Services at National Neuroscience Institute

The National Neuroscience Institute provides a comprehensive, specialised and advanced service for the diagnosis and care of muscle diseases. Medical consultations are offered at the Neuromuscular Clinic in the Neuroscience Outpatient Clinics. The Electrophysiology Laboratory conducts electromyography and nerve conduction studies, which examine electrical signals derived from muscle and nerve. The Institute has recently set up a Neuromuscular Laboratory to provide a muscle histology service. Muscle histology is often essential for the specific diagnosis of muscle diseases. In this process, under local or general anesthesia, a small sample of muscle is obtained for study. It is cut into thin sections and stained for examination and analysis. Techniques used include histochemistry, immunohistochemistry, Western blotting and electron microscopy.

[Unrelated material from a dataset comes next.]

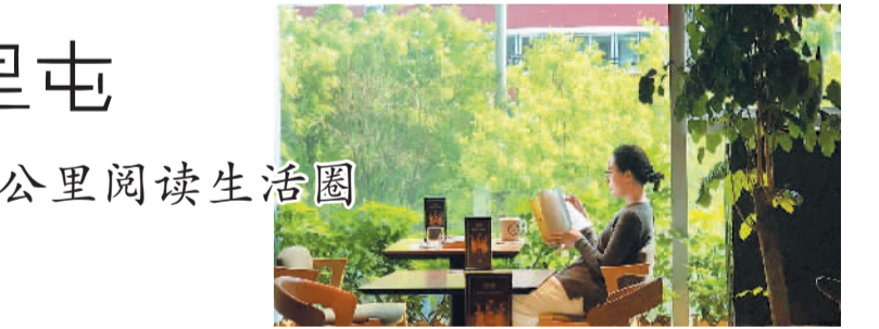
言几又店阅读桌正对满目苍翠

有人发出感叹：“我还是喜欢这里的书。”店内以三联版文学、艺术、学术、文化、生活图书板块为主，精选优质图书2.5万种，文化人到这里，都会忍不住买几本。店内设计高低错落，加上咖啡休息区，保证了顾客阅读、会友、休憩的需要，日均客流量达3000余人次，周末达5000余人次。

We strongly believe that the patient with muscle disease must be treated with awareness of the range of problems associated with the disease - medical, physical, genetic, psychological, and social. The first step is always an accurate diagnosis, because specific medical treatment and genetic counselling can only be given with an accurate diagnosis. Physiotherapy and physical aids may be required to help extend physical independence and prevent complications such as joint contractures. Counselling the patient and family on the inheritance pattern of a genetic muscle disease helps them make informed choices in planning for the future. Social or psychological assistance may be needed. The fundamental goal is to help and encourage patients and their families surmount the challenges of muscle disease and achieve a useful and fulfilling life.